The grocer offered a curt nod in return. "Thank you, gentlemen."
"When will the service be held?" Hully asked.
Harada seemed confused. "Service?"
"Pearl's funeral."
"Oh... no arrangements have been made."
"Ah. Can I help?"
"I have written her parents. Posted the letter."
"You didn't call them?"
"No. It is long distance."
Hully exchanged glances with Sam. "But Mr. Harada, surely Pearl deserves better than this....As I said, I'll be glad to help...."

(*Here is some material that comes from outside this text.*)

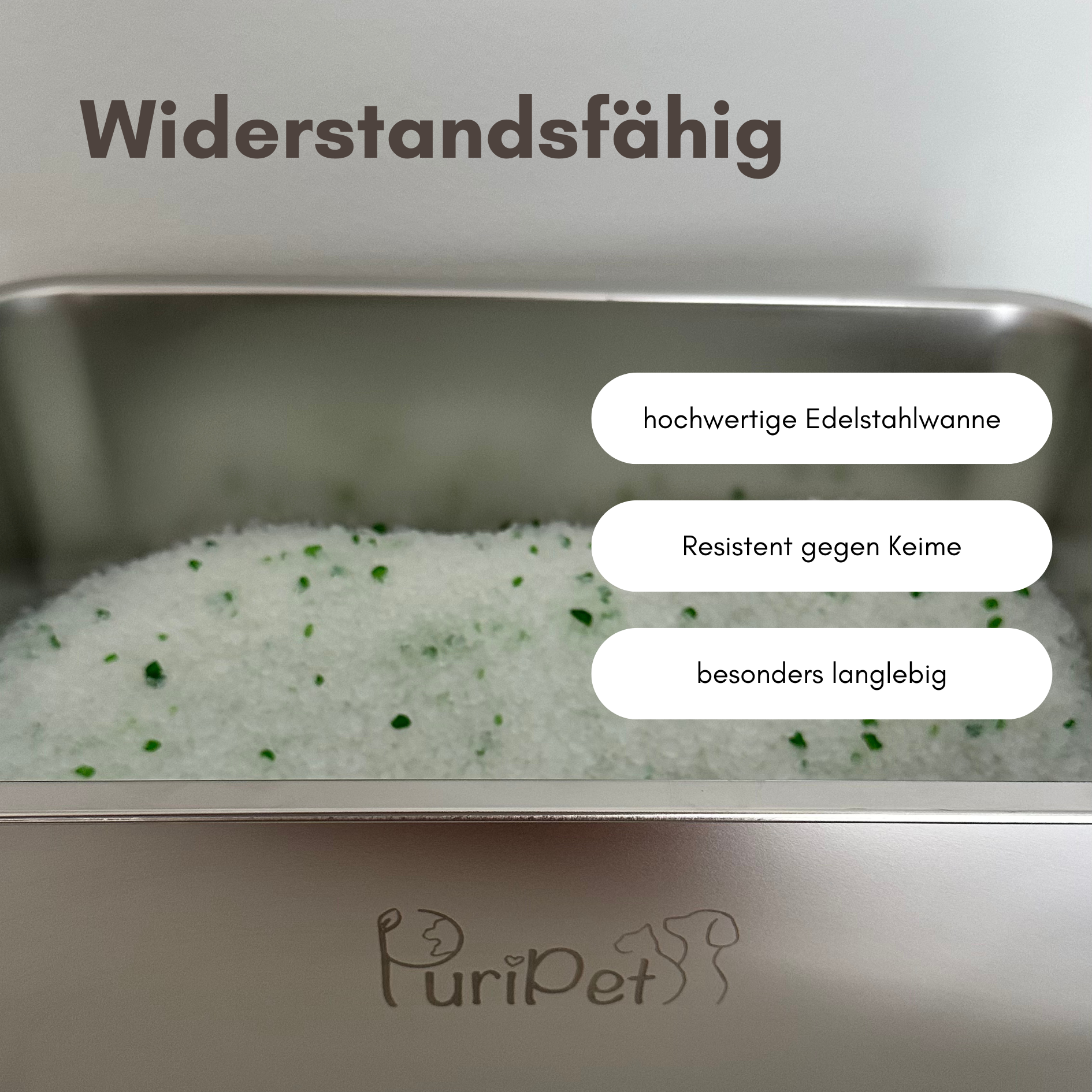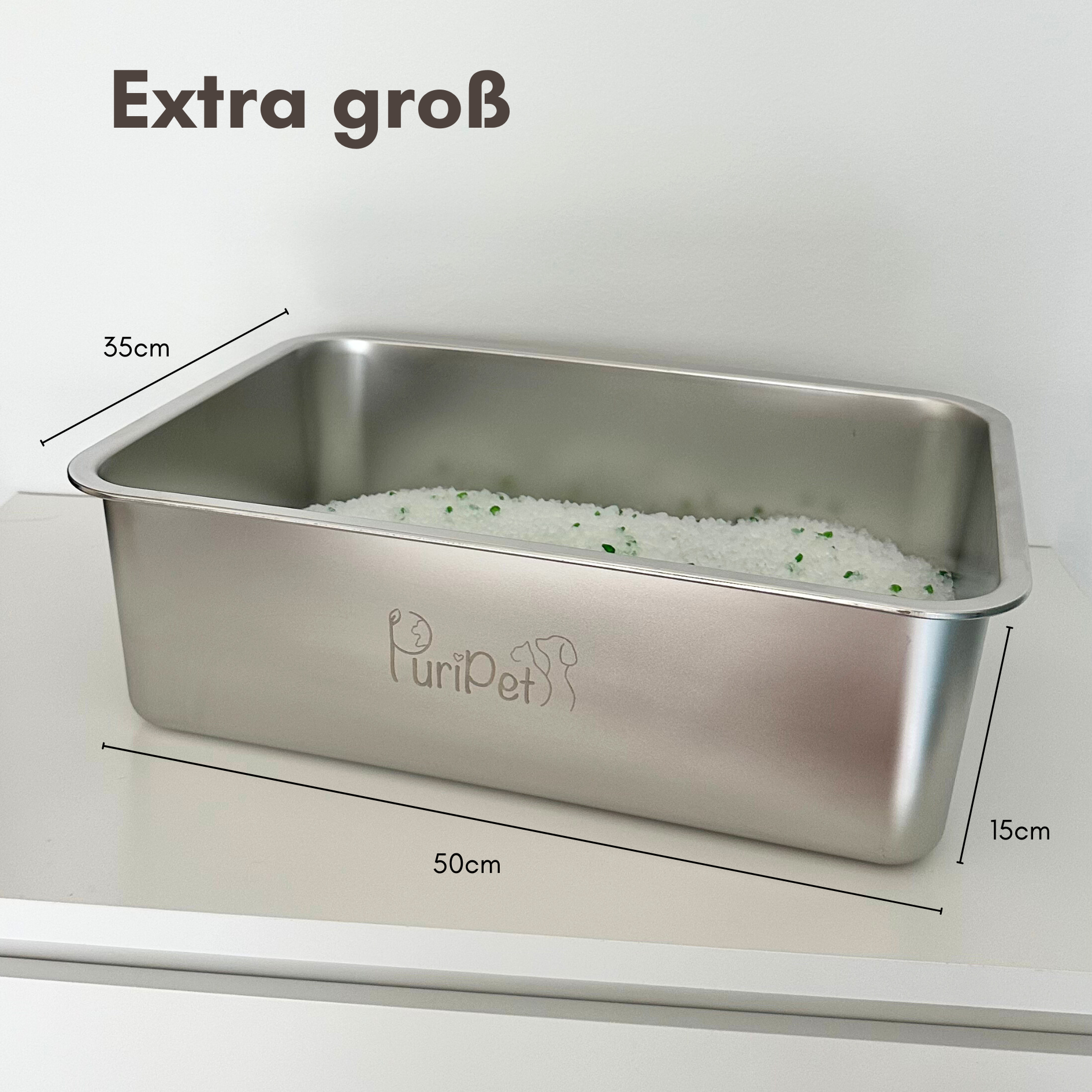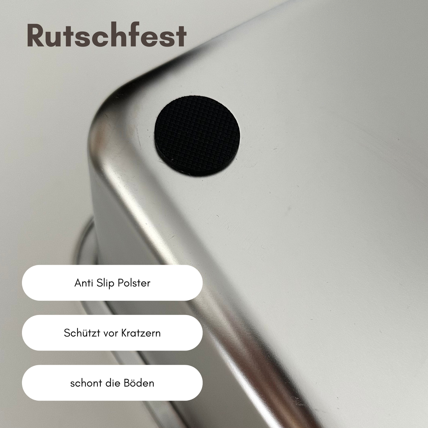 Unsere Edelstahl Katzentoilette ist dank ihrer Anti Slip Polster rutschfest und schützt so vor Kratzern auf dem Boden.

"Offer is ... kind." Harada smiled faintly, patiently. "Burroughs-san, I like my niece, but we were not... close. I am Buddhist, she was Christian. She would not want a service in my faith; I no have interest in arranging one in hers. Her parents share her Christian belief. They may feel other way."
Frowning, Hully asked, "Where is her body now?"
"I understand is in morgue. She was murdered."
"Well, I know she was murdered, but—"
Harada held up a hand. His face was strangely hard. "I am sorry for her death. But she turned her back on her people. She did not like it here, with me—and she did not return, once she got her... job."
"I thought she helped line you up your grocery account with Fred Bivens, at the Niumalu."
"She did. I was grateful."
Sam said, "But you weren't close."
"No."
Hully tried another angle. "Did she have any friends down here? Or for that matter, enemies?"
Harada's eyes narrowed; his face seemed to harden even more. "Why do you ask this?"
"Well, someone killed her...."
Harada's chin lifted. "A man is under arrest. She had loose morals and a man killed her. He is in custody, is he not?"